PROMPT: Output, exactly as written, the lines below from the one that has "Hygienemülleimer für das" through the one that has "Step into effortless"; nothing else, and no pictures.

DATA SHOWN:
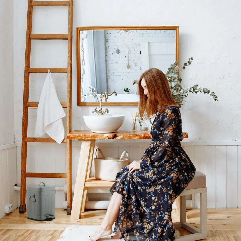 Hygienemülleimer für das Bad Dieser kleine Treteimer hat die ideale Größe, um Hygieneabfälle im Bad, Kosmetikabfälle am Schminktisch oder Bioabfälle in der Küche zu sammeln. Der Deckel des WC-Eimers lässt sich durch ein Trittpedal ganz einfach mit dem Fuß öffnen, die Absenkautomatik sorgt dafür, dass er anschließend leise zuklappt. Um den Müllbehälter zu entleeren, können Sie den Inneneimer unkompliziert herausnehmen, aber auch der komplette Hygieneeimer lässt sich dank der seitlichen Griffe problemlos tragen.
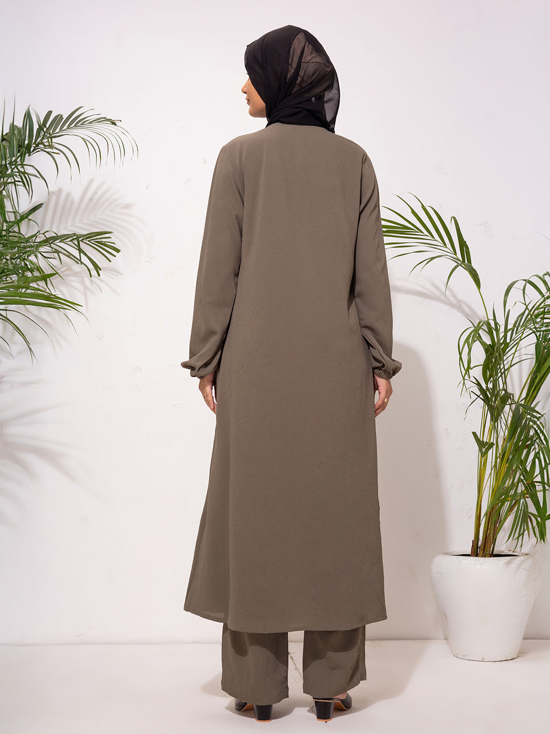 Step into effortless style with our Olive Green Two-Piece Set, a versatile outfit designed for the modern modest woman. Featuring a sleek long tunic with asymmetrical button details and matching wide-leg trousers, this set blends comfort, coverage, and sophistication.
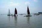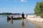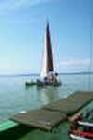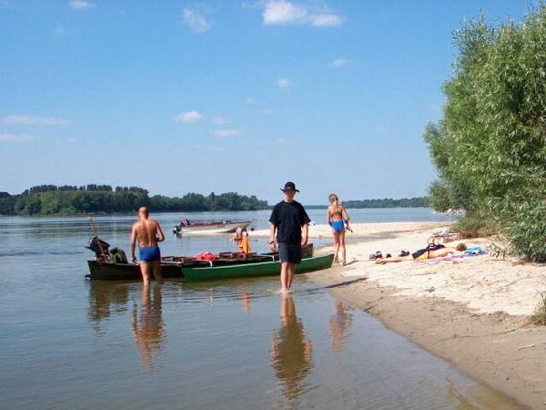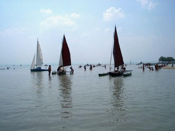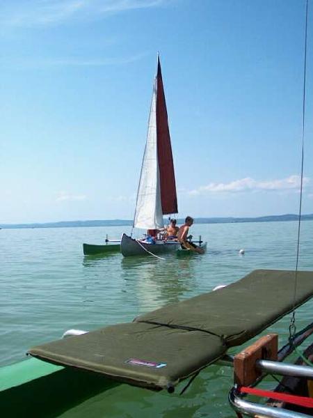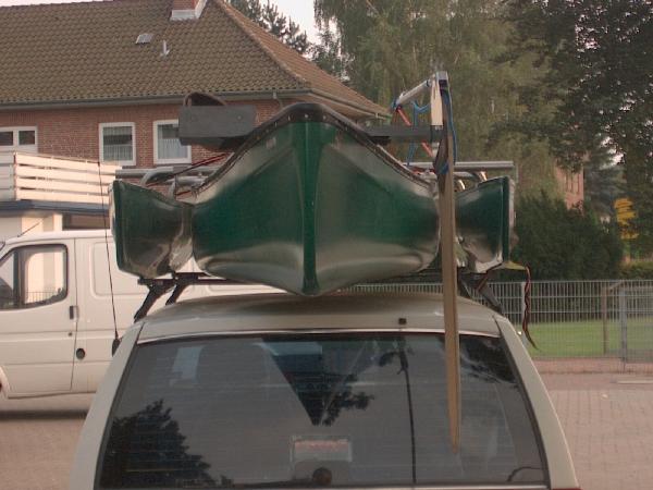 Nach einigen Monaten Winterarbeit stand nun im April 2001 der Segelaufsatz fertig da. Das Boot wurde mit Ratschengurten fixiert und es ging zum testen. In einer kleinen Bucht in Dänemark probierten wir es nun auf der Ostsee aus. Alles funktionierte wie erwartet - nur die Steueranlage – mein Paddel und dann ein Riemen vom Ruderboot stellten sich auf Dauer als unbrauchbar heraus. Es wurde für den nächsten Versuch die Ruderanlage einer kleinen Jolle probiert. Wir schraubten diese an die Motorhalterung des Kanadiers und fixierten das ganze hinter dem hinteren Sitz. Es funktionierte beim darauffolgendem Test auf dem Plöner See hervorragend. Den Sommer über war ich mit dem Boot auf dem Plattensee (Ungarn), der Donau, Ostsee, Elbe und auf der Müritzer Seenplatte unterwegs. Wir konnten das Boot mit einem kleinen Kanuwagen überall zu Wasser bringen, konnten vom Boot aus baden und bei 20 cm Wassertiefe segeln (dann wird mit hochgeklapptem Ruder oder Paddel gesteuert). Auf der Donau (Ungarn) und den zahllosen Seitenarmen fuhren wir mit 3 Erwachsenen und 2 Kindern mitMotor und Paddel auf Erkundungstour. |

---

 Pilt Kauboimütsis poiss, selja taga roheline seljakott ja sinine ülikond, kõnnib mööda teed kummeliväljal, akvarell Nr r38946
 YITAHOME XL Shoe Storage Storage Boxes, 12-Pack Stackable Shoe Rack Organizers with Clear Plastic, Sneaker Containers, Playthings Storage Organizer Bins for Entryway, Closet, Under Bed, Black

ANSWER BELOW:
 Hygienemülleimer für das Bad Dieser kleine Treteimer hat die ideale Größe, um Hygieneabfälle im Bad, Kosmetikabfälle am Schminktisch oder Bioabfälle in der Küche zu sammeln. Der Deckel des WC-Eimers lässt sich durch ein Trittpedal ganz einfach mit dem Fuß öffnen, die Absenkautomatik sorgt dafür, dass er anschließend leise zuklappt. Um den Müllbehälter zu entleeren, können Sie den Inneneimer unkompliziert herausnehmen, aber auch der komplette Hygieneeimer lässt sich dank der seitlichen Griffe problemlos tragen.
 Step into effortless style with our Olive Green Two-Piece Set, a versatile outfit designed for the modern modest woman. Featuring a sleek long tunic with asymmetrical button details and matching wide-leg trousers, this set blends comfort, coverage, and sophistication.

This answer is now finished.